» Your goal
There are pictures in the records below; leave them out and set down exactly the lines from the one holding "Notre porte-carte Alex" through the one holding "В реале смотрится".
== Exercise input ==
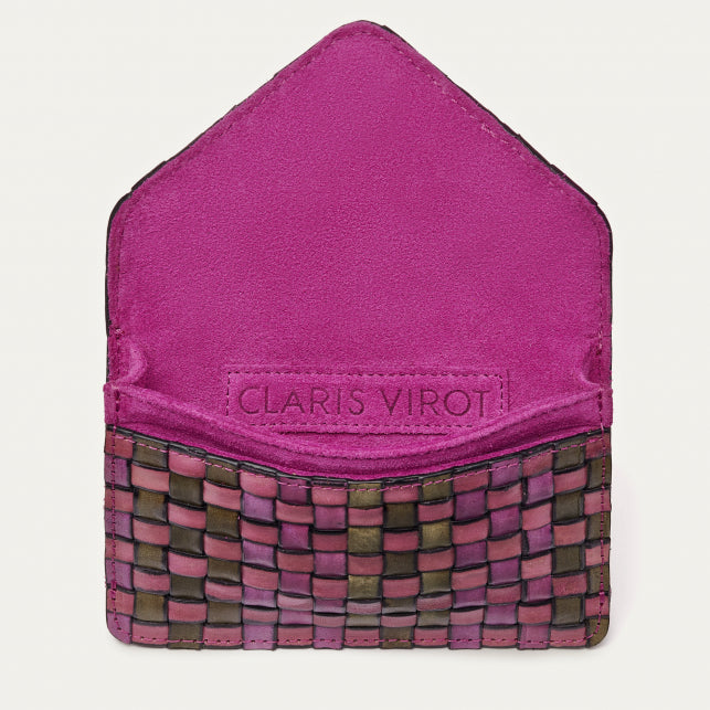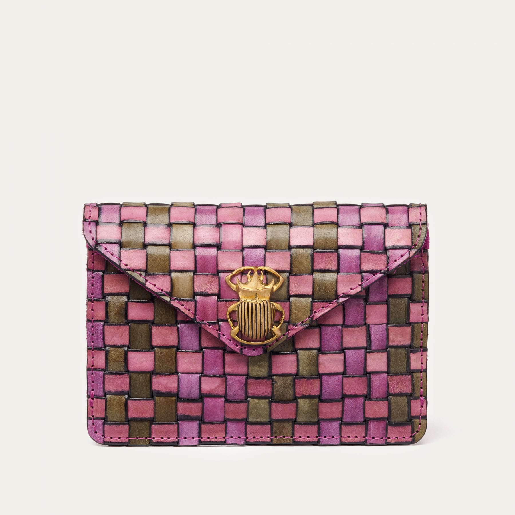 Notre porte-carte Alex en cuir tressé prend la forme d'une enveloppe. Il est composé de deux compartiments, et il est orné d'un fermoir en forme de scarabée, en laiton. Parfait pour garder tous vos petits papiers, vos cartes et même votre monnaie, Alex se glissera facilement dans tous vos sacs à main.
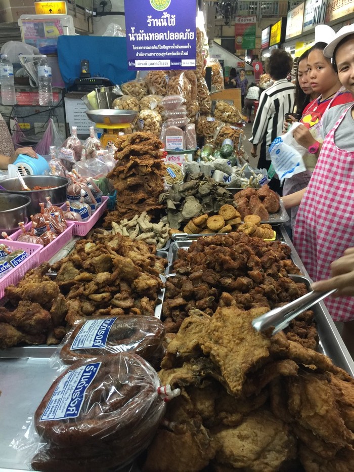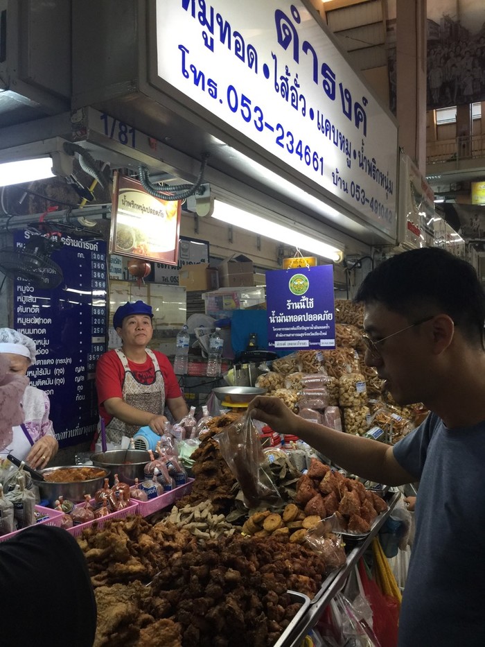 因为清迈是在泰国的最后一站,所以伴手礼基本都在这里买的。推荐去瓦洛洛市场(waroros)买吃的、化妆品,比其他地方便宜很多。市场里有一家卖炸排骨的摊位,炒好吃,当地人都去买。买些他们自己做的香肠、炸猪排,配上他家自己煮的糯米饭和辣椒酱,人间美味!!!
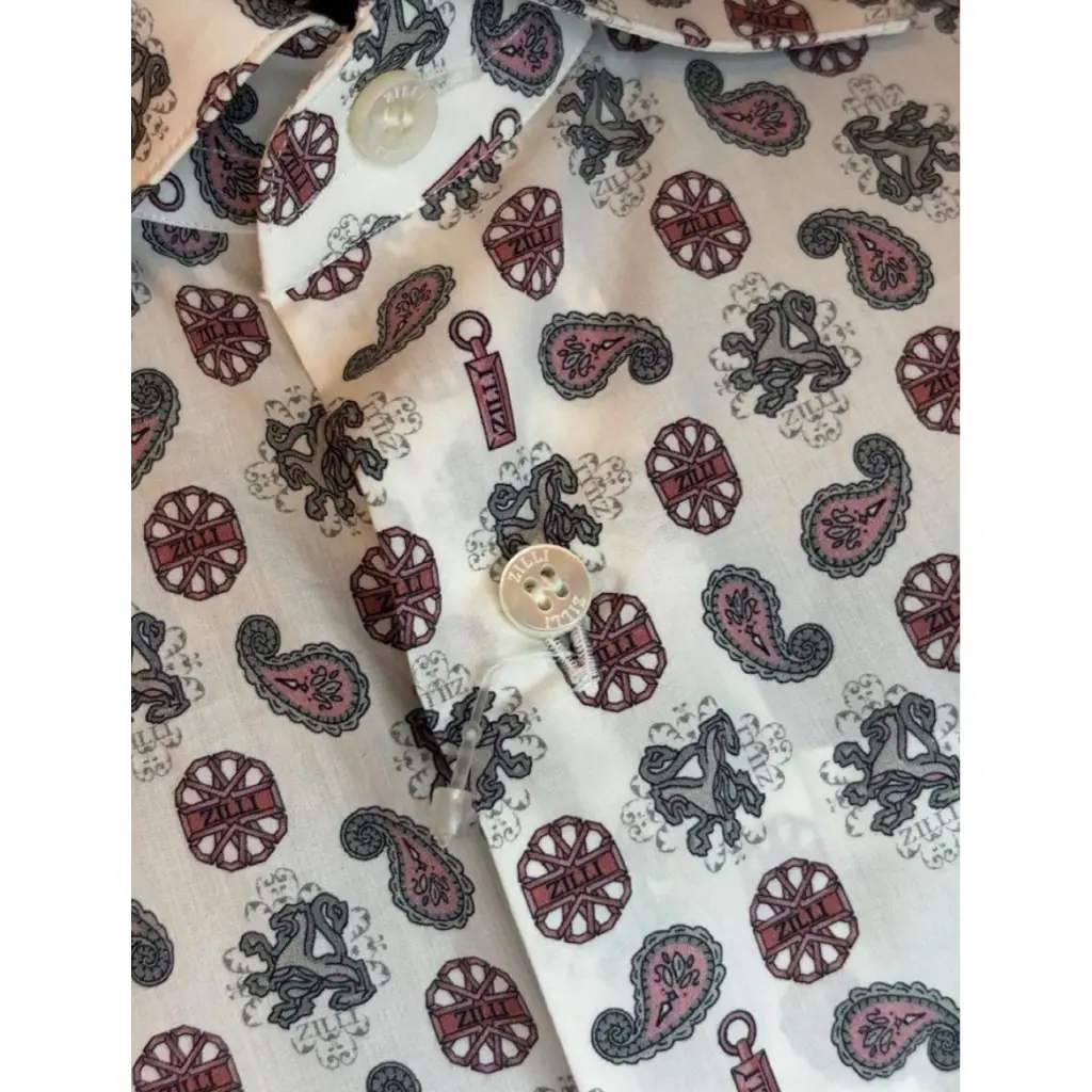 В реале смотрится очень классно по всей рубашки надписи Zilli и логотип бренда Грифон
===
== Exercise input ==
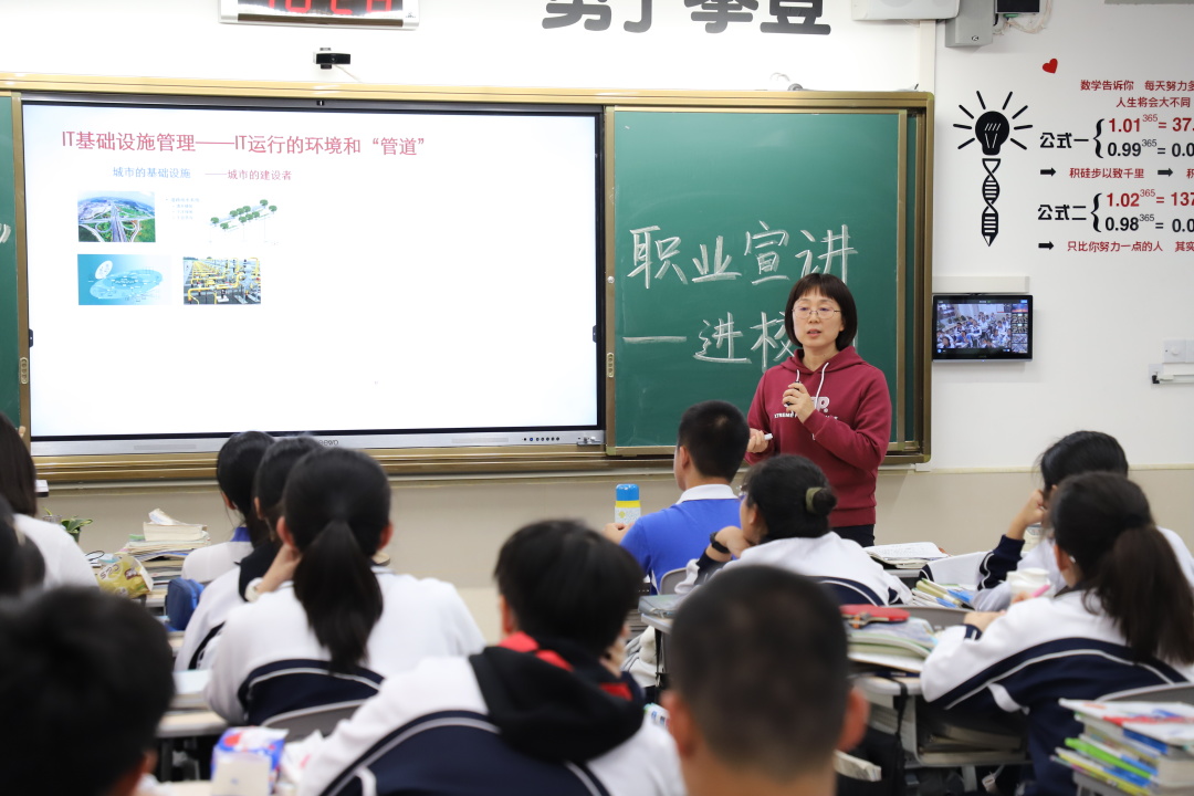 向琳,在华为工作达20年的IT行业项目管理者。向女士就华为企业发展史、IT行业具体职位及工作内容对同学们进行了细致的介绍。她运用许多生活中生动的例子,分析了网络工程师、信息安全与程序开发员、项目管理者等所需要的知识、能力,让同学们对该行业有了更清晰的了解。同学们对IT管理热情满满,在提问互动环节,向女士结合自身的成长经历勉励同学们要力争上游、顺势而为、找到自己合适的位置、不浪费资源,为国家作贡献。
===
» Worked solution
 Notre porte-carte Alex en cuir tressé prend la forme d'une enveloppe. Il est composé de deux compartiments, et il est orné d'un fermoir en forme de scarabée, en laiton. Parfait pour garder tous vos petits papiers, vos cartes et même votre monnaie, Alex se glissera facilement dans tous vos sacs à main.
 因为清迈是在泰国的最后一站,所以伴手礼基本都在这里买的。推荐去瓦洛洛市场(waroros)买吃的、化妆品,比其他地方便宜很多。市场里有一家卖炸排骨的摊位,炒好吃,当地人都去买。买些他们自己做的香肠、炸猪排,配上他家自己煮的糯米饭和辣椒酱,人间美味!!!
 В реале смотрится очень классно по всей рубашки надписи Zilli и логотип бренда Грифон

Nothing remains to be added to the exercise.